Quentin, on the other hand, who had been waiting for TWO WEEKS for his visa, came away empty handed. Unbelievable. Utterly unbelievable.
Oh, and our ordeal didn’t end there. Jan and I headed over to the immigration office in Jayapura to get stamped out of the country when we were hit with the most baffling piece of red-tape in the history of dick-headed bureaucracy. If you got a visa on entry to Indonesia, you aren’t allowed to leave via Jayapura.
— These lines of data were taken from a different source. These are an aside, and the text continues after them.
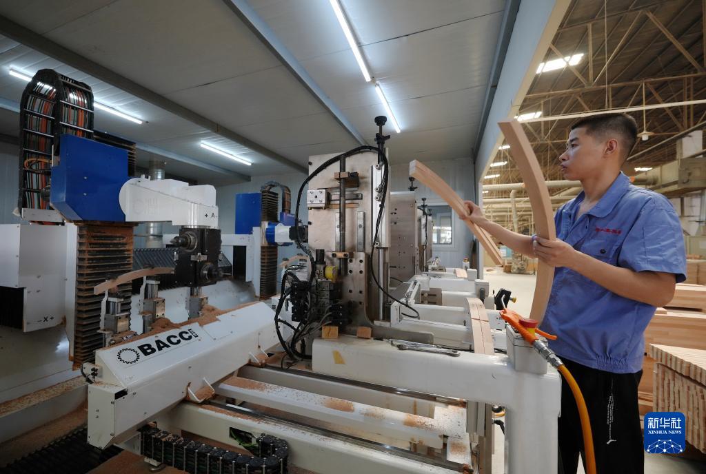 7月28日,工人在河北省唐山市蘆&經濟開發區一傢具企業的生産車間工作。
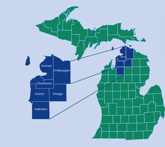 North Country Community Mental Health serves the six counties shown in dark blue on the map.
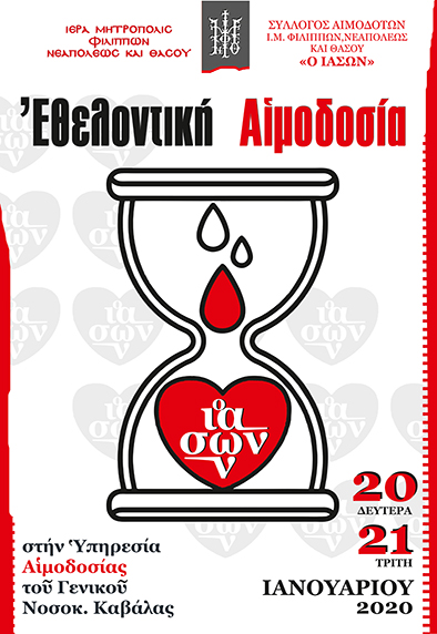 Με μεγάλη χαρά, η Ιερά Μητρόπολη Φιλίππων, Νεαπόλεως και Θάσου ανακοινώνει την σύσταση εθελοντικής Ομάδος Αιμοδοσίας της τοπικής μας Εκκλησίας με την επωνυμία «Ο ΙΑΣΩΝ».
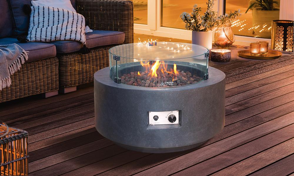 These are not cheap made fire pits, the bases are made from superior Glassfibre Reinforced Concrete and the burner, pan & ring are made from a high quality 304 stainless steel so you know this is the real deal. Tempered glass wind guards are also included to help keep flames protected from the wind and of course little fingers.
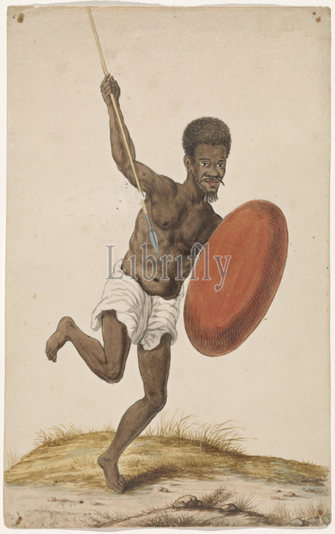 Malagasy warrior, assegai, shield, Black warrior, white cloth, wearing, assegaai, spear, red shield, Africans, Madagascar, Netherlands, c, 1675, 1725, paper, watercolor, paint
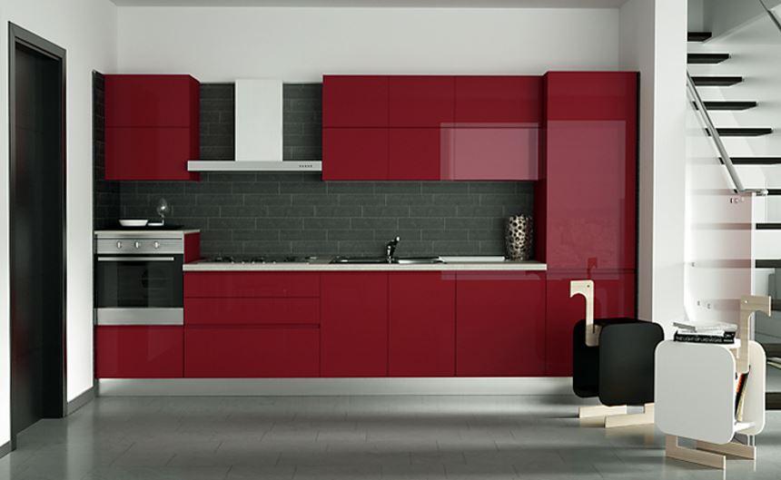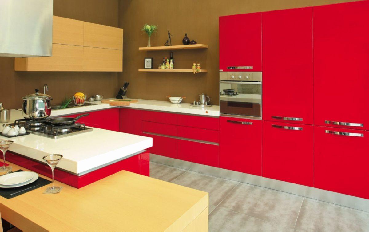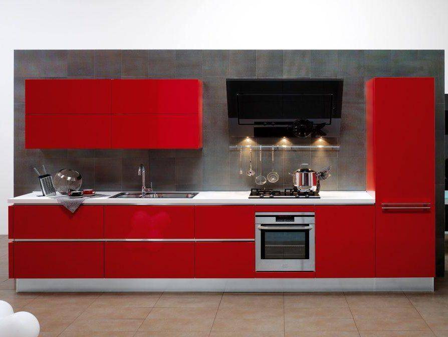 Красный кухонный гарнитур может иметь глянцевые или матовые фасады. Первые подходят для лаконичных современных интерьеров (особенно для стилей минимализм, хай-тек, поп-арт). Поскольку они отражают много света, они будут уместны на малогабаритной или плохо освещённой кухне.

As Jayapura is the ONLY border post between PNG and Indonesia, this somewhat leaves your options limited.
Luckily for me, I had gone through the frigmarole of getting a ‘proper’ visa for Indonesia in East Timor (as they weren’t being issued on the border). Jan wasn’t as lucky. Of course, the c—s at immigration would be willing to accommodate his predicament (for a $60 ‘fee’), the alternative being for him to FLY BACK TO JAKARTA.
This is just quite mind-boggling and a new one on me – an international border that you cannot LEAVE a country from without the correct ENTRY visa. How f—-ing stupid do you want to be?
Oh, Indonesia, you had me for a moment with that sublime calamari, but you’ve just blown all that good will. Sickeningly corrupt and loaded with ill-gotten blood money, you can go to hell, Indonesia. You SUCK! And, while you’re at it, get the hell out of West Papua. It’s not yours and you’re only there for the gold. The profits from which go on WHAT EXACTLY? Health care? Schools? Roads?!
Ha. HA! HAHAHAHAHA!! Don’t make me laugh!
They go straight into the back packets of the slimy politicians that live on an island a thousand miles away, literally and metaphorically. Bluuuuuurgh to the lot of ya!!
Happily, Mike and Harald weren’t leaving Jayapura until the morning, so they (being top chaps) again allowed me to kip on their floor. Thanks, guys!!
Tomorrow there will be nothing to stop me getting into Papua New Guinea. I booked a taxi to the border. It will be the Eve of Christmas Eve. Looks like I’ll be spending another Christmas without the girl I love. PNG is not a happy place and while I’m quite happy to risk my safety doing this crazy stuff, I’m not willing to put Mandy in that situation, so I’ve told her not to fly to me this time around.